Alpha BRAIN® includes both a precursor to Ach production and a potent AchE inhibitor to prevent Ach breakdown. In other words, Alpha BRAIN® provides both the building blocks for production of Ach neurotransmitter and potentiates the amount remaining after release by inhibiting its breakdown. Numerous peer-reviewed scientific studies support the cognitive benefits of αGPC and Huperzine A on an individual level. Combining both of these potent extracts into Alpha BRAIN® provides dual channels to support peak cognitive function in healthy adults.

References

  1. Amenta F, Tayebati SK: Pathways of acetylcholine synthesis, transport and release as targets for treatment of adult-onset cognitive dysfunction. Curr Med Chem 2008, 15:488-498.
  2. Furey ML, Pietrini P, Haxby JV: Cholinergic enhancement and increased selectivity of perceptual processing during working memory. Science 2000, 290:2315-2319.
  3. Parnetti L, Amenta F, Gallai V: Choline alphoscerate in cognitive decline and in acute cerebrovascular disease: an analysis of published clinical data. Mech Ageing Dev 2001, 122:2041-2055.
  4. Tayebati SK, Tomassoni D, Di Stefano A, Sozio P, Cerasa LS, Amenta F: Effect of choline-containing phospholipids on brain cholinergic transporters in the rat. J Neurol Sci, 302:49-57.
  5. Amenta F, Tayebati SK, Vitali D, Di Tullio MA: Association with the cholinergic precursor choline alphoscerate and the cholinesterase inhibitor rivastigmine: an approach for enhancing cholinergic neurotransmission. Mech Ageing Dev 2006, 127:173-179.
  6. Sigala S, Imperato A, Rizzonelli P, Casolini P, Missale C, Spano P: L-alpha-glycerylphosphorylcholine antagonizes scopolamine-induced amnesia and enhances hippocampal cholinergic transmission in the rat. Eur J Pharmacol 1992, 211:351-358.

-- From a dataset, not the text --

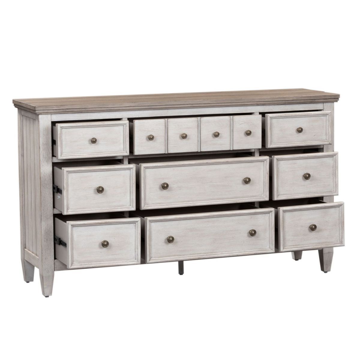 The Heartland 9-drawer dresser is sure to make a statement in any home, as its heavily distressed finish is adaptable to any space. The antique white finish and tobacco tops are accented by raised panels and antique brass hardware. The many drawer sizes allow you maximize storage, with the top drawers being felt lined and the bottom drawers being cedar lined. The wood framed drawers and raised panels on the dresser sides and top creates a classic cottage style.

  7. Li WM, Kan KK, Carlier PR, Pang YP, Han YF: East meets West in the search for Alzheimer’s therapeutics – novel dimeric inhibitors from tacrine and huperzine A. Curr Alzheimer Res 2007, 4:386-396.
  8. Cheng DH, Tang XC: Comparative studies of huperzine A, E2020, and tacrine on behavior and cholinesterase activities. Pharmacol Biochem Behav 1998, 60:377-386.
  9. Ha GT, Wong RK, Zhang Y: Huperzine a as potential treatment of Alzheimer’s disease: an assessment on chemistry, pharmacology, and clinical studies. Chem Biodivers, 8:1189-1204.
  10. Sun QQ, Xu SS, Pan JL, Guo HM, Cao WQ: Huperzine-A capsules enhance memory and learning performance in 34 pairs of matched adolescent students. Zhongguo Yao Li Xue Bao 1999, 20:601-603.
  11. Amen DG, Wu JC, Taylor D, Willeumier K: Reversing brain damage in former NFL players: implications for traumatic brain injury and substance abuse rehabilitation. J Psychoactive Drugs, 43:1-5.